We don't know how to test it yet, but if someone can figure out some predictions about the state of the universe that are implied by the model we can go out and look for those and see if they are in line with the way the actual universe behaves. That's how we tested the Big Bang theory, and now the array of evidence in it's favour is so strong that no one who understands it really doubts it.


Well, yeah, that was my point. As I keep having to repeat for some reason: we don't know if there was something prior to the big bang or not.

Hawking's model tells us that there may not have been something prior to it, in spite of all the philosophical arguments about uncaused causes, etc. We have a consistent model that includes no t<0. So if your argument is based on the idea that one is required, well, it's wrong. But we also don't know if a time before t=0 existed or not. It's just that we know it's possible that none did.

I am indifferent to theoretical psychics, which can't be tested.
If we don't know, then we don't know.
 
So how do you use science to do ethics on something, which is a fact?


I don't. I try to avoid doing ethics at all. If you analyze a Trump tweet, for instance, and determine that 1) it's a lie, 2) it's based on made-up facts, and 3) he wrote it for a purpose, which it seems to serve, that's where I stop.
If somebody agrees with my analysis and insists on applauding Trump's lying, self-serving tweet for this reason, I don't see the purpose of adding, "... and lying is baaaad!"

How can a fact be good or bad?


You may consider a fact (as well as a lie!) to be good or bad depending on your answer to the question: Does it serve my purpose?
The weird thing about Trump ethics is that the answer to this question seems to determine if any statement is considered to be not only a fact but also true.
Believers seem to do their thinking in a similar fashion: It makes me happy (or a least less unhappy) to think that there is a god. So God is true!
 
Intersubjectivity is a form of subjectivity.

Intersubjectivity is neither objectivity nor subjectivity because this dilemma has not any sense in moral affairs.

I don't know any value that can be objectivelly settled up. I know some values that are common to more or less wide communities. Some values are practically universal. This points the way. Of course this is only a path, not a direct goal. For example: we want to finish the hunger in the world. Even if we never acomplish it, this is a path. Morality works in the same way.
 
I am indifferent to theoretical psychics, which can't be tested.
If we don't know, then we don't know.

Theoretical physics can be tested. Some of it hasn't been tested yet. There may be specific theories that we are never able to test, but there are experiments going on every day and new angles for testing these theories are being thought of all the time.

There are some things that we don't know. There are other things that we do know.

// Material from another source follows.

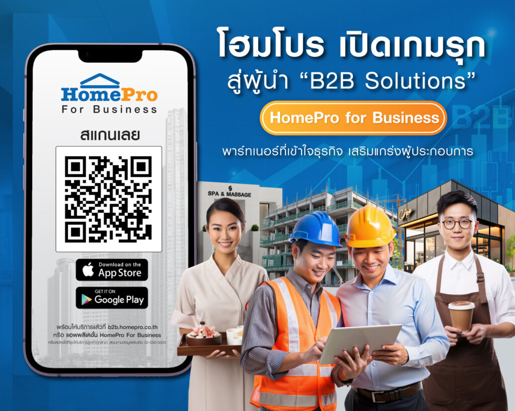 โฮมโปร เปิดตัวแพลตฟอร์มใหม่ “HomePro for Business” รุกตลาดธุรกิจ B2B ครอบคลุมกว่า 11 กลุ่มธุรกิจ ภายใต้แนวคิด “มากกว่าร้านค้า คือ พาร์ทเนอร์ที่ร่วมขับเคลื่อนความสำเร็จของธุรกิจ” มุ่งส่งมอบโซลูชันครบวงจร ด้วยประสบการณ์ในธุรกิจค้าปลีกสินค้าและบริการเรื่องบ้านมาเกือบ 30 ปี ด้วยสินค้ากว่า 75,000 SKU และบริการอย่างมืออาชีพ พร้อมสาขาและพาร์ตเนอร์ที่ครอบคลุมทั่วประเทศ ที่เข้าถึงง่าย สะดวก ส่งไว และให้สิทธิประโยชน์มากมาย ช่วยให้ผู้ประกอบการบริหารต้นทุนสินค้าได้อย่างมีประสิทธิภาพ และเติบโตอย่างมั่นคง

The highlighted was a typo I assume.
 
I don't. I try to avoid doing ethics at all. If you analyze a Trump tweet, for instance, and determine that 1) it's a lie, 2) it's based on made-up facts, and 3) he wrote it for a purpose, which it seems to serve, that's where I stop.
If somebody agrees with my analysis and insists on applauding Trump's lying, self-serving tweet for this reason, I don't see the purpose of adding, "... and lying is baaaad!"

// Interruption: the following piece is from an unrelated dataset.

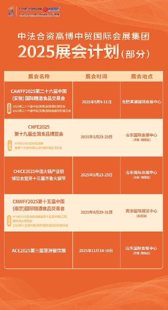 近日,中法合資高博中貿國際會展集團經過科學論證與研討,確定了旗下部分重要展會的舉辦檔期。其中,CAWFF2025第二十六屆中國 (安徽)國際糖酒食品交易會將于2···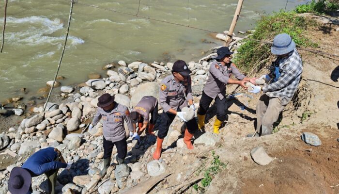 Pembangunan jembatan gantung di Desa Pungke Jaya dipimpin oleh Kaurbinops Satreskrim, Ipda Muhammad Yoga Wiratama, S.Tr.IK., bersama personel Satreskrim dan masyarakat setempat.

You may consider a fact (as well as a lie!) to be good or bad depending on your answer to the question: Does it serve my purpose?...

Yeah, but that is not science. Skeptic Ginger claimed you could answer that using the scientific methodology. You can't. There is no test/experiment/observation possible, because you can't give evidence for any answer of what serves your purpose.
I.e. any answer is based on how you think/feel and that doesn't meet the requirements for it being evidence. Any answer is not observer independent.

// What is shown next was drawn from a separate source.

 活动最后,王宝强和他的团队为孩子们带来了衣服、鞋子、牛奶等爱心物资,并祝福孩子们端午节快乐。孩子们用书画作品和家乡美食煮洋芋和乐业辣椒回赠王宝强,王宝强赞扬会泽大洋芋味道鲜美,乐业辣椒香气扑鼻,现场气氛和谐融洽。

Now for morality/ethics, yes - it boils down to does it serve me/my purpose and sometimes that is about feeling good and avoiding bad. I.e. I like/want versus I don't like/want.
 
Yeah, but words are cheap.
Compare:
a. I know there is no gods.
Versus
b. I know there is at least one god.

One of them must be false and thus only a belief. So to claim knowledge is not sufficient in itself and one of these "I" must be irrational.
If b has shown to be repeatedly false, a is with all probability right. This is how reason works.